1. 访问 [HuggingFace](https://huggingface.co/ViperEk/KHAOSZ) 查看 **Files and versions**
2. 运行 `params/download.py` 下载模型参数

**演示视频：** [bilibili](https://www.bilibili.com/video/BV1z5RPYHEkd)

训练数据来源请参见 HuggingFace 下载页面中的 **Model Card** 部分。

**许可证：** 代码遵循 Apache-2.0 协议，使用时请注明出处。

- **📊 设备选择：** 默认使用 CUDA 进行训练
- **🌐 性能优化：** 启用 `dtype=torch.bfloat16` 以加速训练并减少内存占用，请确保硬件支持该特性
- **🤖 语言支持：** 模型支持中文和英文训练。由于 BBPE 分词器未使用多语言文本训练，因此中英文的 OOV（未登录词）问题较少，其他语言可能存在 OOV 问题



### 📌 训练指南

要训练该 Transformer 模型，请按照以下步骤操作：

#### **(1). 准备数据集：**

将数据集放置在指定的根目录下。文件应为包含中文、英文或混合文本的文本文档。格式应符合模型输入要求——建议使用预分词后的 `token_ids` 并以 `torch.Tensor` 格式保存（使用 `torch.Tensor` 相比 Python 列表更节省内存，列表默认为 64 位精度）。

#### **(2). 安装依赖：**

```bash
pip install -r requirements.txt
pip install .
```

#### **(3). 运行训练脚本：**

```bash
python train.py \
--train_type=train_type[seq, sft, dpo] \
--data_root_path=/path/to/dataset \
--n_epoch=5 \
--batch_size=8 \
--max_lr=2e-4 \
--n_iter_ckpt=10000 \
--ckpt_dir checkpoints 
```

**参数说明：**
- `--train_type`: 训练类型（seq, sft, dpo）
- `--data_root_path`: 数据集根目录
- `--n_epoch`: 总训练轮数
- `--batch_size`: 批量大小
- `--n_iter_step`: 每个训练步骤的 batch 数量
- `--warning_step`: 预热步数（warmup steps）
- `--max_lr`: 最大学习率（使用预热 + 余弦衰减）
- `--n_iter_ckpt`: 检查点保存间隔
- `--ckpt_dir`: 检查点保存目录
- `--resume_dir`: 从指定路径恢复训练

训练日志将保存在 `train_log.txt` 中。

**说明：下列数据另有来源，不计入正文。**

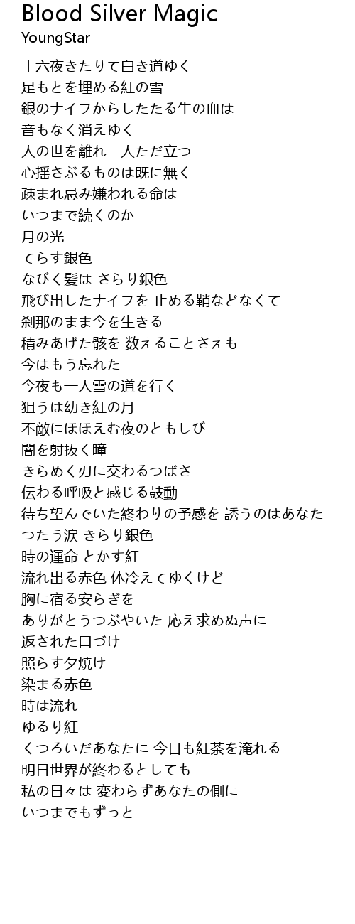 | Song | Blood Silver Magic |
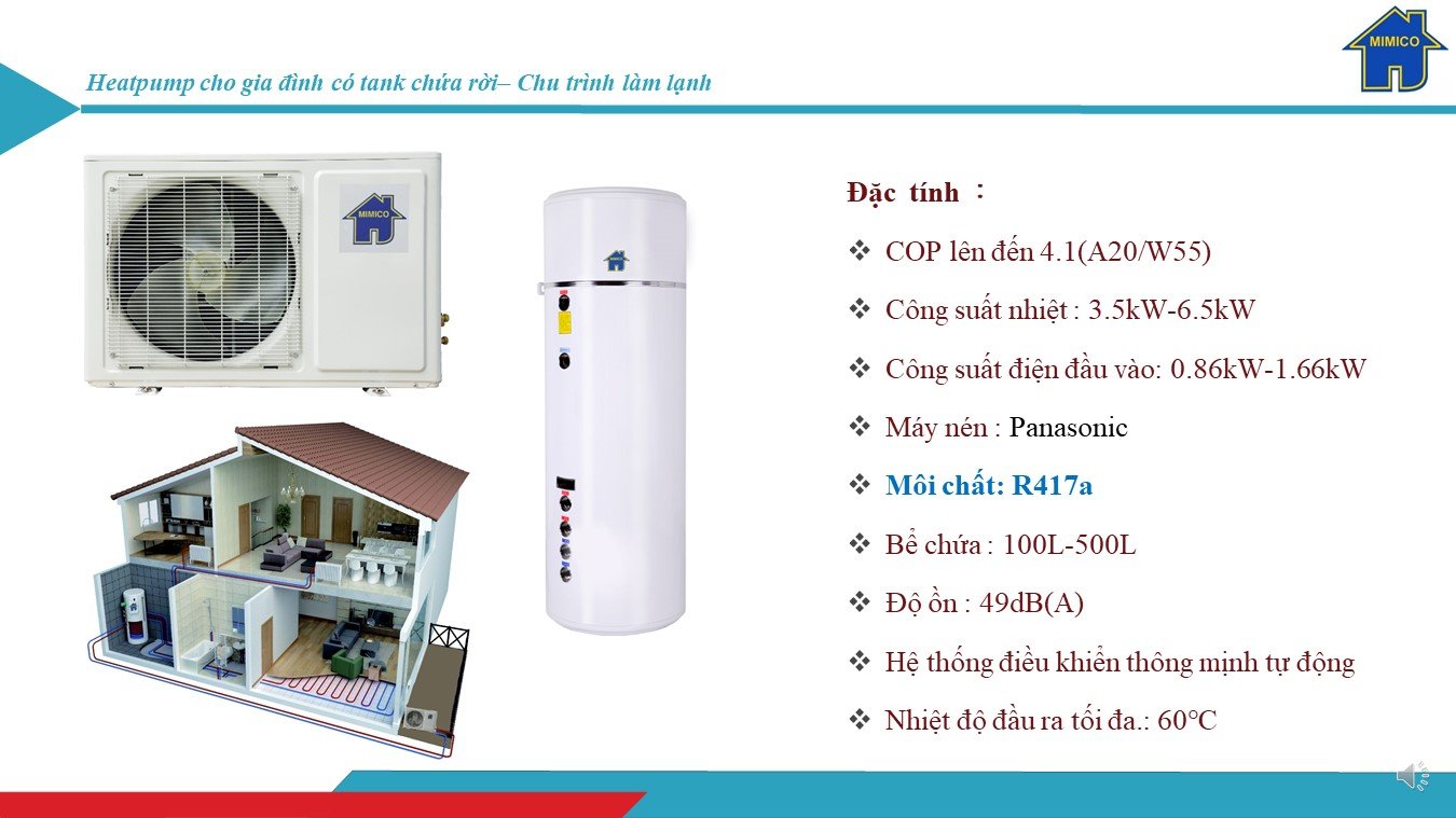 MÁY BƠM NHIỆT MIMICO có tank chứa rất tiện lợi và phù hợp cho các hộ gia đình, nhà nghỉ, khách sạn vv…,
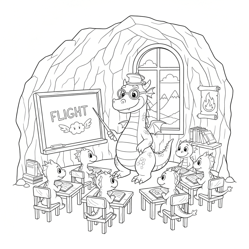Een prachtige kleurplaat met draken die les geven aan jonge draken. Perfect voor kinderen en volwassenen die van kleuren houden!
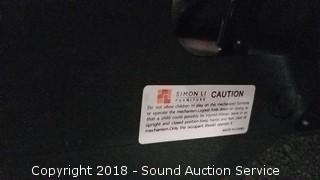 By Simon Li. Walnut brown. In excellent condition. Approx. 39" tall, 36" wide, 34" deep with a 20" wide seat.

检查点将保存在指定目录，用于恢复训练或评估。



### 👉 使用指南

#### **(1). 与模型对话：**

打开 `chat.py` 或使用流式/非流式接口：

**流式输出：**
```python
import torch
from khaosz import Khaosz

model_dir = "your_model_parameter_dir"
model = Khaosz(model_dir).to(device='cuda', dtype=torch.bfloat16)
history = []

while True:
    query = input(">> ")
    if query == "!exit":
        break
    
    response_size = 0
    for response, history in model.stream_generate(
        query=query, 
        history=history,
        temperature=0.85,
        top_p=0.95,
        top_k=50
    ):
        print(response[response_size:], end="")
        response_size = len(response)       
```

**非流式输出：**
```python
import torch
from khaosz import Khaosz

model_dir = "your_model_parameter_dir"
model = Khaosz(model_dir).to(device='cuda', dtype=torch.bfloat16)
history = []

while True:
    query = input(">> ")
    if query == "!exit":
        break
    
    response = model.generate(
        query=query, 
        history=history,
        temperature=0.85,
        top_p=0.95,
        top_k=50
    )
    print(response)
```

#### **(2). 基于检索的生成（RAG）：**

```python
import torch
from khaosz import Khaosz

model_dir = "your_model_parameter_dir"
model = Khaosz(model_dir).to(device='cuda', dtype=torch.bfloat16)

retrieved_content = model.retrieve_generate(
    query=query,
    retrieve_top_k=5,
    temperature=0.6,
    top_k=30,
    top_p=0.95
)
print(retrieved_content)
```



### 📌 模型规格说明（重复部分）

该模型基于一个 24 层的 Transformer 架构，参数配置定义在 `config.json` 中，总参数量约为 10 亿（1.0B）。

**关键设计选择：**
- 在嵌入层（embedding）与最终线性层之间进行权重绑定（weight tying），这是小型模型中常见的节省参数量的做法
- 嵌入层优化：若不进行权重绑定，一个包含 10,000 个词的词汇表将消耗约 1.02 亿（0.1B）参数

**局限性：**
- 由于参数规模较小，可能在处理复杂语言现象时表现受限
- 在特定领域的数据集上容易出现过拟合
- 多语言能力有限

**优势：**
- 可在低配置硬件上高效运行
- 相较于大型模型，训练时间更短

**训练流程：**  
该模型已完成预训练（pre-training）+ 监督微调（SFT, Supervised Fine-Tuning）+ 直接偏好优化（DPO, Direct Preference Optimization）的全流程。所有相关的训练代码均已包含在代码库中。